PDF(Pubmed)
Abstract:
Fibrosis can occur in almost all tissues and organs and affects normal physiological function, which may have serious consequences, such as organ failure. However, there are currently no effective, broad-spectrum drugs suitable for clinical application. Revealing the process of fibrosis is an important prerequisite for the development of new therapeutic targets and drugs. Studies have shown that the limiting of myofibroblast activation or the promoting of their elimination can ameliorate fibrosis.
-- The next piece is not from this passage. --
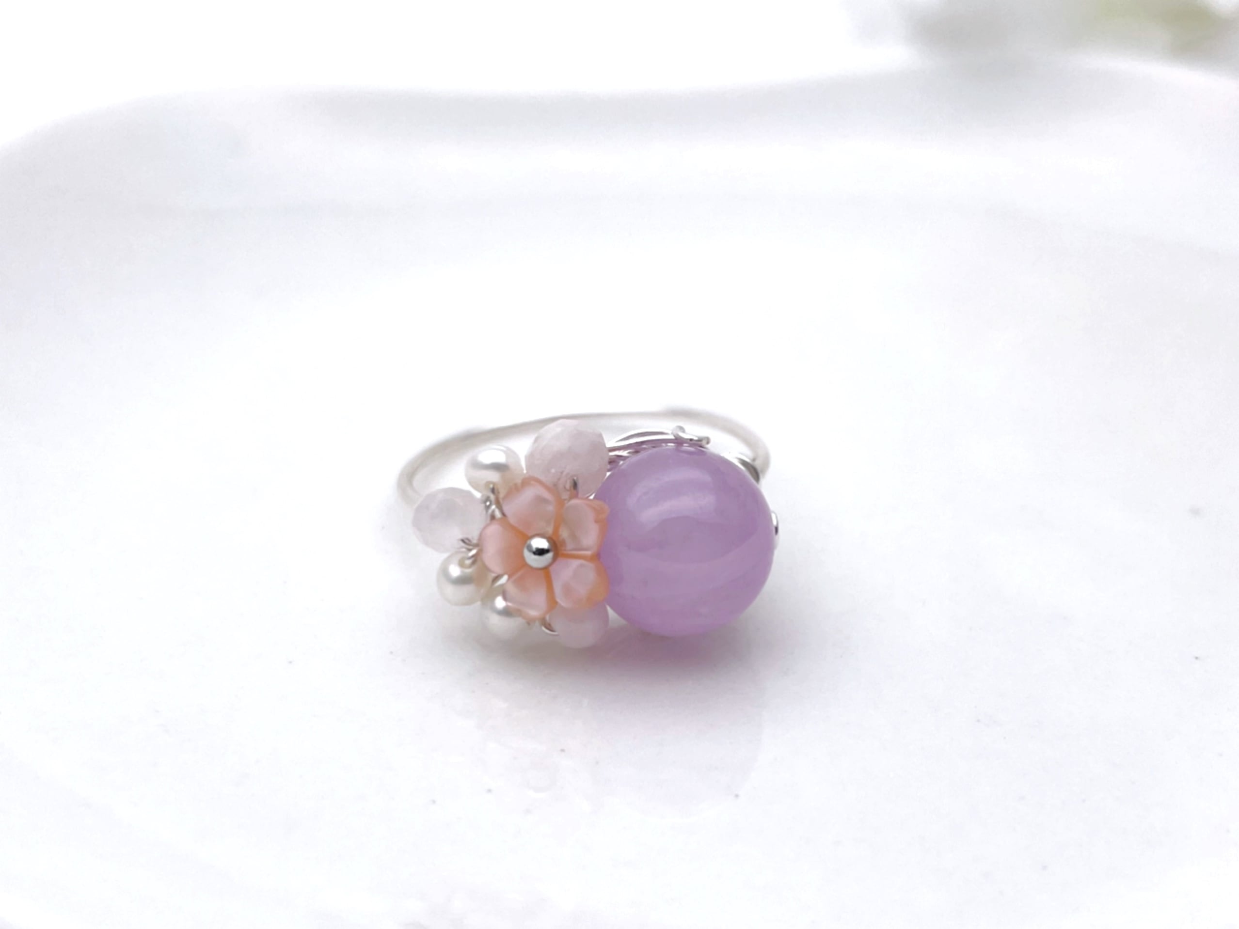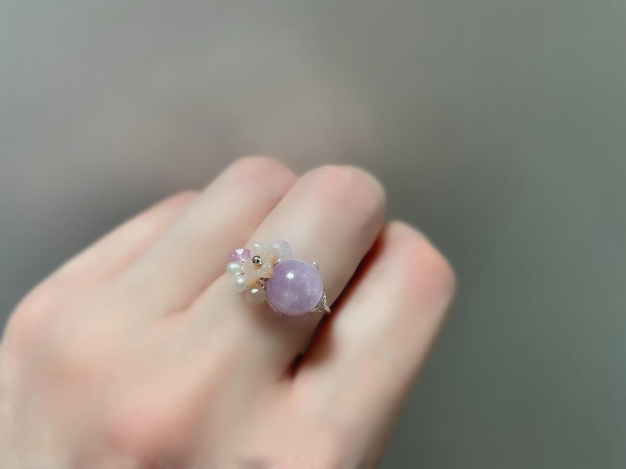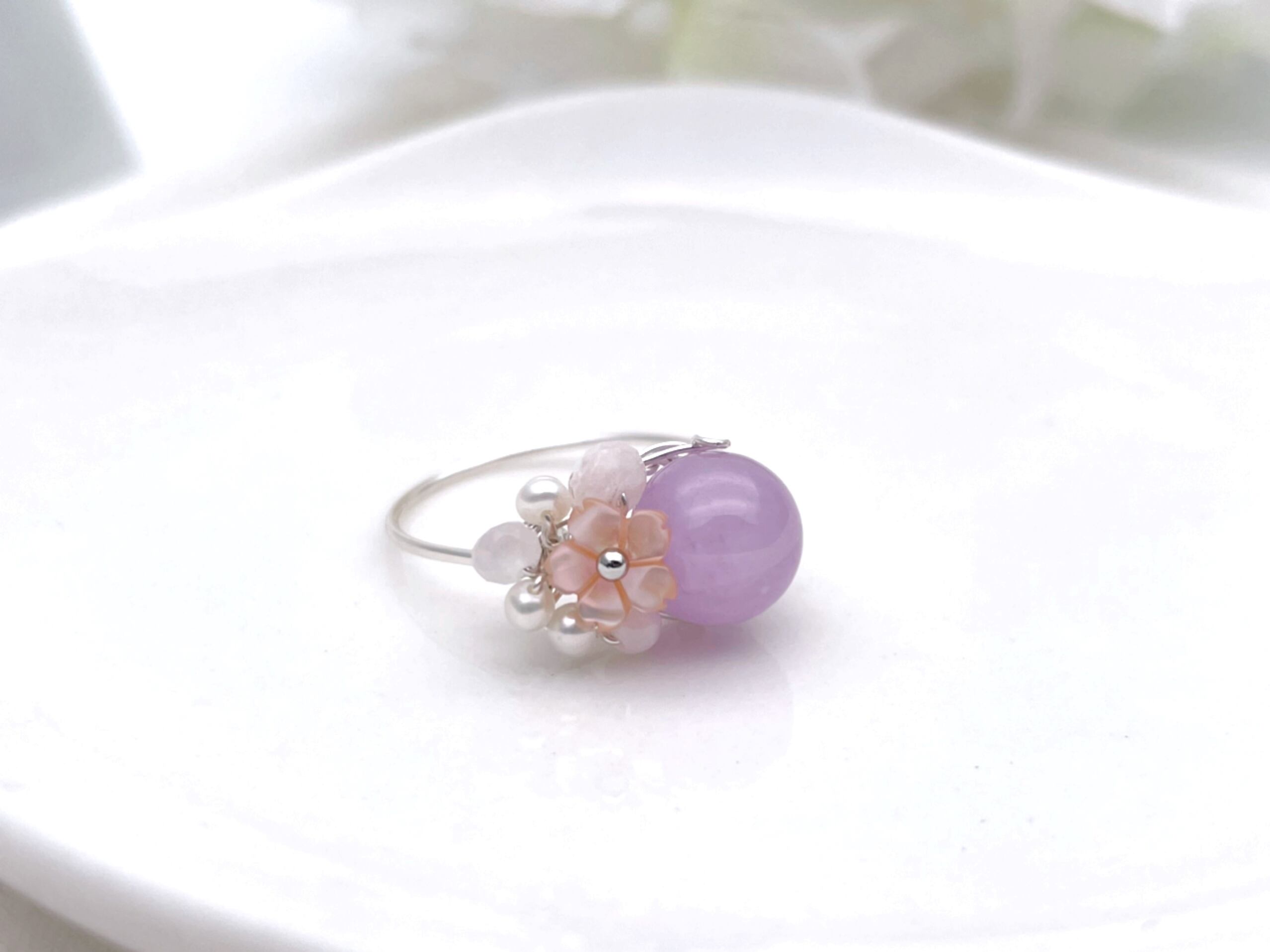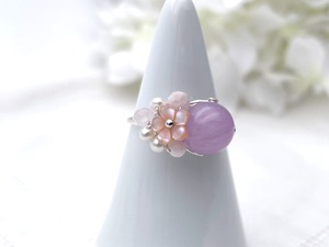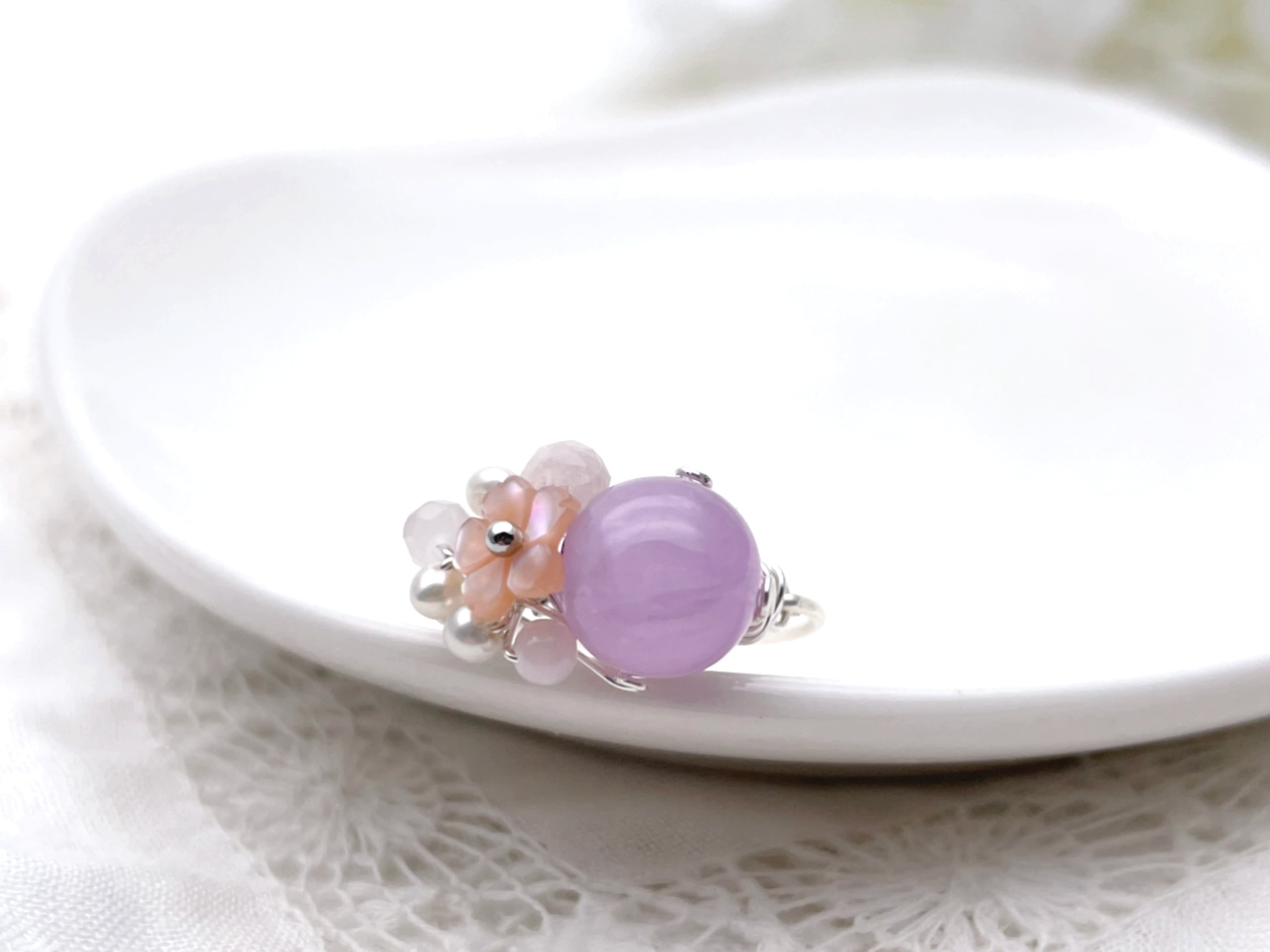 クンツァイトにピンクシェルと4種類の天然石の装飾を施したワイヤーリングです。

However, it has not been reported whether a direct decrease in cell contraction can inhibit fibrosis in vivo. Here, we have shown that (-)-blebbistatin (Ble), a non-muscle myosin Ⅱ inhibitor, displayed significant inhibition of liver fibrosis in different chronic injury mouse models in vivo. We found that Ble reduced the stiffness of fibrotic tissues from the early stage, which reduced the extent of myofibroblast activation induced by a stiffer extracellular matrix (ECM). Moreover, Ble also reduced the activation of myofibroblasts induced by TGF-β1, which is the most potent pro-fibrotic cytokine. Mechanistically, Ble reduced mechanical contraction, which inhibited the assembly of stress fibers, decreased the F/G-actin ratio, and led to the exnucleation of YAP1 and MRTF-A. Finally, we verified its broad-spectrum antifibrotic effect in multiple models of organ fibrosis. Our results highlighted the important role of mechanical contraction in myofibroblast activation and maintenance, rather than just a characteristic of activation, suggesting that it may be a potential target to explore broad-spectrum drugs for the treatment of fibrotic diseases.
摘要:
纤维化可以发生在几乎所有的组织和器官,并影响正常的生理功能,这可能会有严重的后果,如器官衰竭。然而,目前没有有效的,适合临床应用的广谱药物。揭示纤维化的过程是开发新的治疗靶点和药物的重要前提。研究表明,限制肌成纤维细胞的活化或促进其消除可以改善纤维化。然而,目前还没有报道直接减少细胞收缩是否可以抑制体内纤维化。这里,我们已经证明了(-)-blebbistatin(Ble),一种非肌肉肌球蛋白Ⅱ抑制剂,在体内不同慢性损伤小鼠模型中表现出明显的肝纤维化抑制作用。我们发现Ble从早期就降低了纤维化组织的硬度,这降低了由更硬的细胞外基质(ECM)诱导的肌成纤维细胞活化的程度。此外,Ble还降低了由TGF-β1诱导的肌成纤维细胞的激活,TGF-β1是最有效的促纤维化细胞因子。机械上,Ble减少了机械收缩,抑制应力纤维的组装,降低了F/G-肌动蛋白比,并导致YAP1和MRTF-A的去核。最后,我们在多个器官纤维化模型中验证了其广谱抗纤维化作用.我们的结果强调了机械收缩在肌成纤维细胞活化和维持中的重要作用,而不仅仅是激活的特征,这表明它可能是探索用于治疗纤维化疾病的广谱药物的潜在靶标。